Cellular junctions are specialized structures that allow cells to connect and interact, which is fundamental to the formation and function of tissues within the body. These protein complexes govern how cells associate with one another or with the surrounding extracellular matrix. They help maintain the structural integrity of tissues, enabling cells to form continuous sheets that act as protective and selective barriers, such as in the lining of the gut or the surface of the skin. Desmosomes represent a class of these cell-to-cell connections, playing a distinct role in maintaining tissue cohesion.
Anchoring Junctions and Mechanical Stress
Desmosomes are formally classified as a type of anchoring junction, a category of cellular connection designed specifically to provide robust mechanical strength to tissues. Within this group, a desmosome is more precisely known as a macula adherens, a term that refers to its spot-like, localized adhesion structure. The primary function of all anchoring junctions is to mechanically couple the cytoskeletons of adjacent cells, allowing them to withstand significant physical forces without pulling apart.
These junctions are distinct from other types, such as tight junctions, which create sealing barriers to block the passage of molecules between cells, or gap junctions, which form channels for direct communication. Desmosomes act like spot-welds distributed across the cell surface, ensuring cells remain tightly bound together even under extreme duress. By linking the internal scaffolding of two neighboring cells, the desmosome effectively distributes any applied mechanical stress across a wider cellular network, preventing damage from concentrating in one area.

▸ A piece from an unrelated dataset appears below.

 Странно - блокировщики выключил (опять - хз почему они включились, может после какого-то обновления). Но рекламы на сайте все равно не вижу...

The Molecular Architecture of Desmosomes
The ability of a desmosome to withstand mechanical stress is rooted in its highly organized, multi-component structure. At the center of the connection are transmembrane linker proteins belonging to the cadherin family, specifically desmoglein and desmocollin. These proteins extend from the plasma membrane of one cell, cross the narrow extracellular space, and bind with their counterparts on the adjacent cell in a calcium-dependent manner, forming the adhesive interface.

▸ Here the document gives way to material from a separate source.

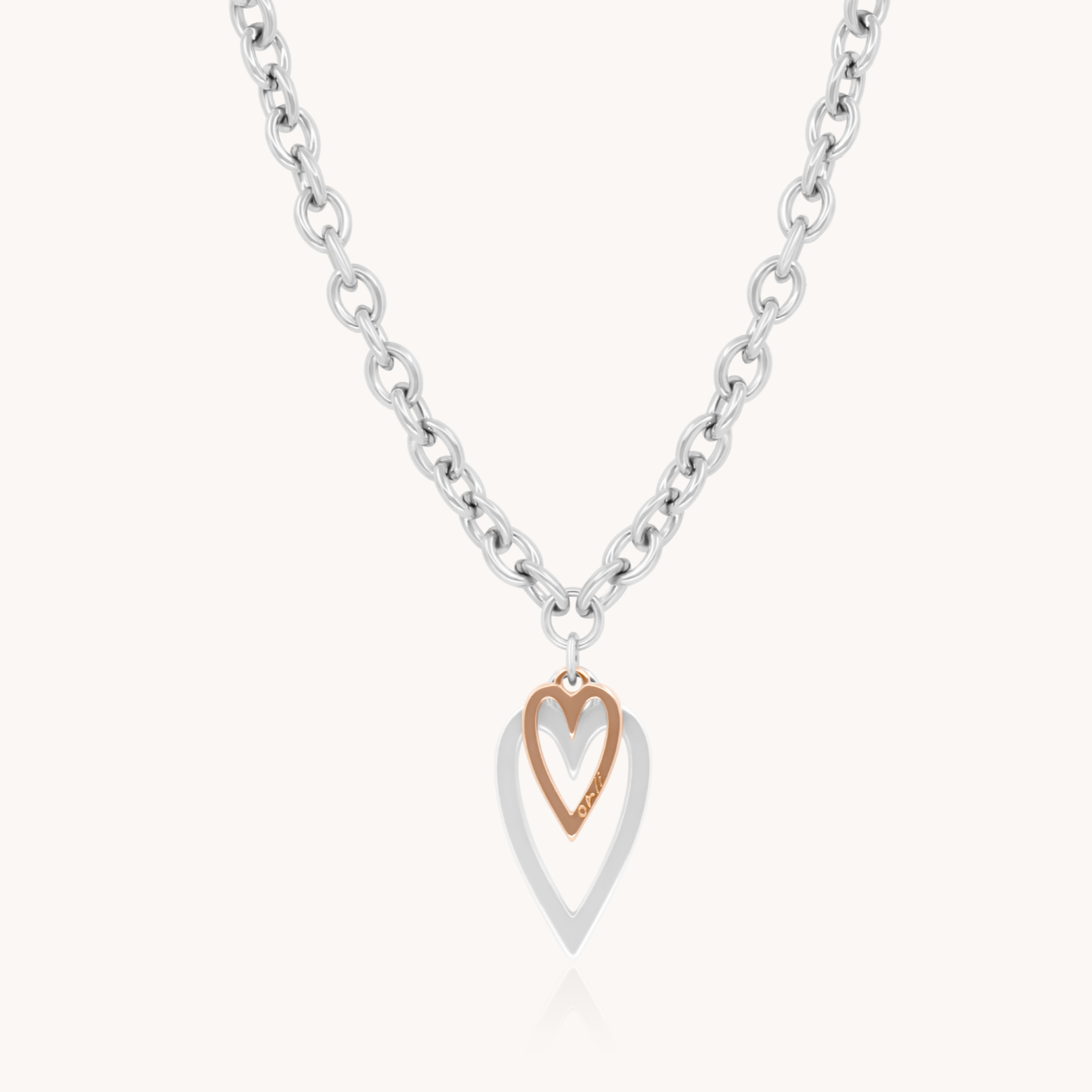 30N1235SR - Open & Mini Heart Chunky Necklace, Silver & Rose Gold

On the inside of each cell, the cytoplasmic tails of these cadherin proteins connect to a dense, disc-shaped structure known as the cytoplasmic plaque. This plaque is a layered assembly of various linker proteins, including plakoglobin and plakophilins, which are members of the armadillo family. These proteins act as adaptors, organizing the junction and recruiting the most abundant component of the plaque, desmoplakin.
Desmoplakin functions as the primary mediator, extending from the inner plaque to link the entire desmosome to the cell’s internal structural network. Desmosomes are specifically characterized by their attachment to the intermediate filaments of the cytoskeleton, which are typically keratin filaments in epithelial cells. This connection to the strong, ropelike intermediate filaments allows the desmosome to anchor the adhesion deep within the cell, enabling the tissue to absorb and dissipate powerful mechanical tension.

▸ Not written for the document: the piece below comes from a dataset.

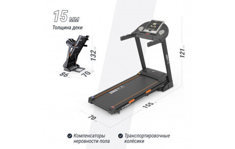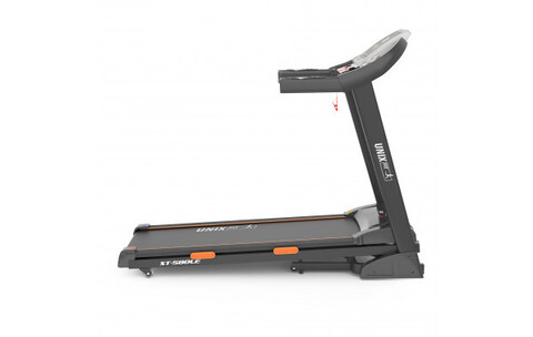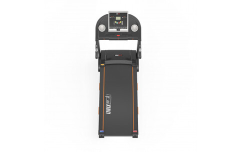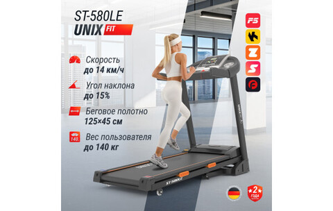 Беговая дорожка UNIX Fit ST-580LE идеальное решение для тех, кто ценит комфорт, эффективность и современный подход к фитнесу. Беговая дорожка станет не только личным тренером, но и верным помощником на пути к достижению ваших спортивных целей. Складная конструкция домашнего кардио тренажера делает беговую дорожку отличным выбором для небольших пространств. Вы можете легко убрать ее после тренировки, не занимая много места в комнате. Элегантный и современный дизайн дополнит интерьер вашего помещения, создавая атмосферу уюта и стиля. Благодаря мощному двигателю с воздушным охлаждением и системой шумоподавления Smartex с пиковой мощностью 3 л.с., тренажер гарантирует надежность и высокую производительность дорожки даже во время интенсивных тренировок и разгоняет ее до 14 км/ч. С интуитивно понятным интерфейсом и дисплеем 3,5" LED вы сможете легко отслеживать результаты: пульс, скорость, время, расстояние, уровень наклона, заданная программа и количество сожженных калорий. На панели расположены кнопки быстрого выбора скорости 2 км/ч, 4 км/ч, 6 км/ч, 8 км/ч, 10 км/ч, 12 км/ч для комфортной тренировки. Кроме того, дорожка оснащена 15-ю программами тренировок, которые помогут вам разнообразить занятия и поддерживать мотивацию. Благодаря встроенной системе автоматической регулировки угла наклона до 15%, вы сможете легко изменять уровень сложности тренировок. Это позволяет имитировать реальные условия бега на улице, что сделает занятия более эффективными и разнообразными. Увеличение угла наклона активирует больше мышц, помогает сжигать больше калорий и улучшает общую физическую подготовку. Антискользящее беговое полотно 125 х 45 см и система амортизации электрической дорожки для бега и ходьбы обеспечивают максимальную безопасность во время тренировок. Вы можете сосредоточиться на тренировке, не беспокоясь о травмах. Мягкое покрытие снижает нагрузку на суставы, что особенно важно для людей с проблемами опорно-двигательного аппарата. Пульсометры на поручне. Измерение частоты сердцебиения происходит, когда пользователь держится за пульсометры на поручне обеими руками. Система автоматически определяет частоту сердцебиения и отображает ее на дисплее. На поручнях предусмотрены дополнительные кнопки управления: регулировка скорости +/- и регулировка угла наклона +/-. Bluetooth-соединение позволяет слушать музыку во время тренировки через 2 встроенных динамика. Создайте свою идеальную атмосферу для занятий и наслаждайтесь процессом! Также, имеется возможность синхронизации беговой дорожки с мобильным устройством при помощи приложений FitShow, Kinomap, ZWIFT, SPAX, FITLOG (подключение через Bluetooth) с возможностью управления беговой дорожкой и сохранения тренировок. ДОПОЛНИТЕЛЬНЫЕ ХАРАКТЕРИСТИКИ Цвет  Черный / Серый Приложения для синхронизации  FitShow, Kinomap, ZWIFT, SPAX, FITLOG (подключение через Bluetooth) Рама  особопрочная с двухслойной покраской Двигатель  2.5 л.с. Shlümdenger Electric (постоянный ток DC) Система охлаждения двигателя  есть (воздушное) Уровень шума двигателя  низкий (система шумоподавления Smartex) Беговое полотно  двухслойное антискользящее покрытие (толщина 1.4 мм) Система амортизации  4 эластомера (aircursion) + 4 плоских эластомера (снижают нагрузку на позвоночник и суставы) Консоль  диагональ 3.5" LED Спецификации программ  3 ручных режима и 12 автоматических программ Дополни

Key Tissues and Functional Importance
The functional consequence of the desmosome’s robust structure is seen most clearly in tissues that are constantly subjected to high levels of physical force. Desmosomes are highly concentrated in the stratified squamous epithelial tissues, such as the epidermis of the skin, where they are essential for resisting abrasion and shear forces. The extensive network of desmosomes and their associated keratin filaments gives the skin its resilience, allowing it to stretch and withstand external friction without tearing or blistering.
These powerful junctions are also abundant in the myocardium, the muscle tissue of the heart. Cardiac muscle cells must contract forcefully and rhythmically over a lifetime, generating significant internal mechanical stress. Desmosomes ensure that the individual heart cells remain tightly linked together during these powerful, repetitive contractions, preventing the tissue from being pulled apart. Disruptions to the proteins that form the desmosome often lead to diseases characterized by fragile tissues, such as blistering skin disorders or certain types of cardiomyopathy.